He worried his daughter had already become a victim of racism
Boston University Professor Ibram Kendi recently shared an experience he, his partner and their daughter had with a daycare.
At first, the couple “laughed off” and didn’t worry that their daughter Imani played with a “blue-eyed white doll” at the daycare.
But then Kendi began to wonder if his daughter had “already breathed in what the psychologist Beverly Daniel Tatum has called the ‘smog’ of white superiority.”
Maybe our minds were sounding a false alarm. Maybe the eye and skin color and hair texture of the doll had no bearing on why Imani had become attached. I did not know. No one knew. But I did know why the alarm was ringing.
Kendi then spent 17 paragraphs giving a history of toys and racism going back to 1897 through the present day, before returning to his concerns that one day in 2017.
“Regardless of your race, it’s never too early to consider the messages a child is receiving from the world around them,” he wrote. “Color blindness is not an option. Research has demonstrated that even at 1 year old, our children notice different skin colors.”
“We can impress upon children the equality of dark and light colors,” the author of the “Antiracist Baby” wrote.
“We can use dolls to acknowledge difference in skin color but dismiss the racist notions that the darker, the worse,” Kendi wrote.

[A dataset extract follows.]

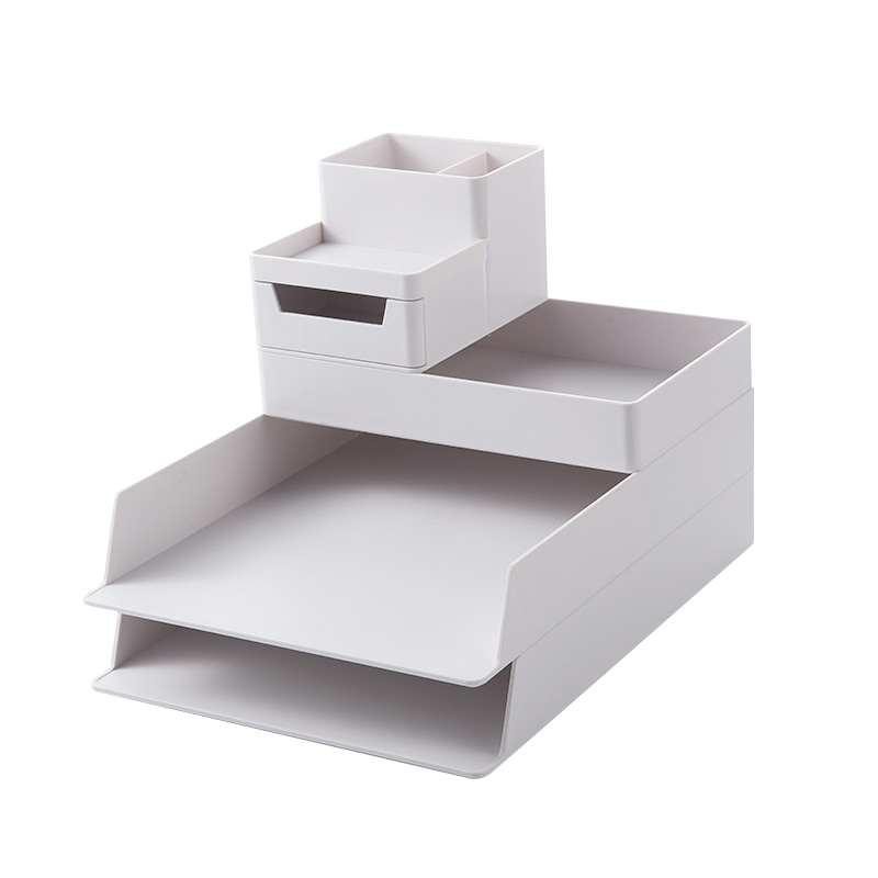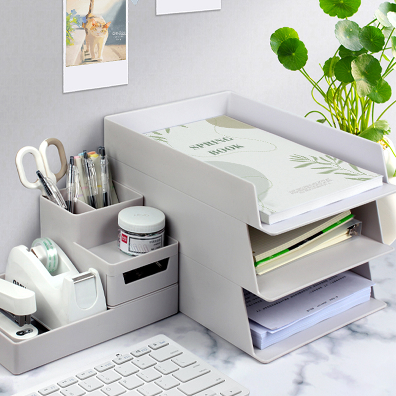 桌面收纳盒办公室台面文件A4置物架多功能笔筒办公桌工位整理神器可叠加收纳架文件座多层文件架文件框抽屉式
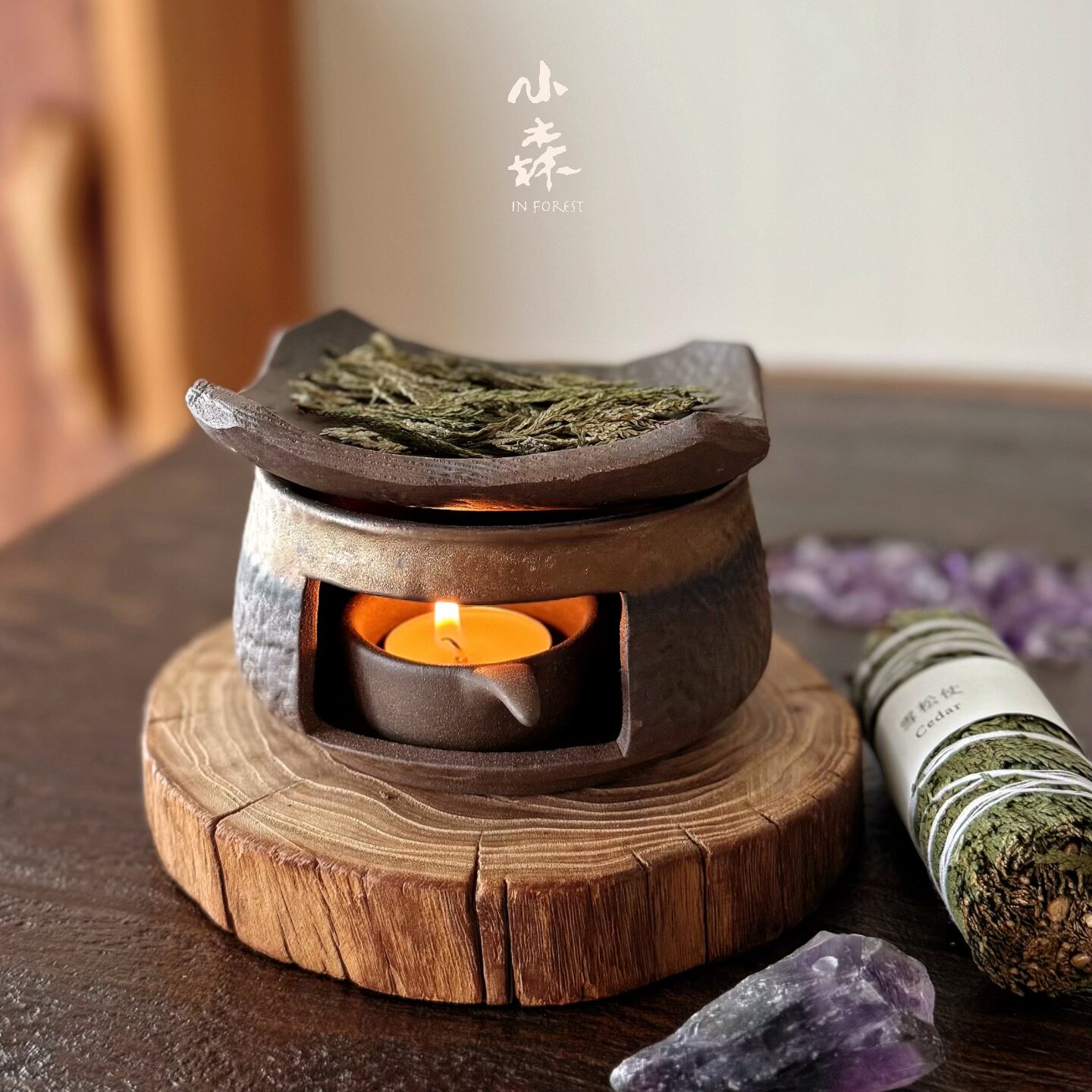 小森之家手作日式 烘烤炉陶瓷熏香植物雪松香薰炉烤茶炉桌面摆件

But thankfully one day his daughter “tossed the white doll aside” which Kendi and his partner saw as a victory.
But he erred, he said, because had not checked out if there was a diverse set of dolls at the daycare. “Anger overtook me. Not at the day care’s owner—at myself. Imani had been going here for several weeks, and not once did I examine the toy chests,” he said.
It turned out his daughter had no other option because there were only white dolls in the toy chest.
“We told the owner about the white dolls before leaving for the day. Changes came,” Kendi wrote. “But I had failed my doll test.”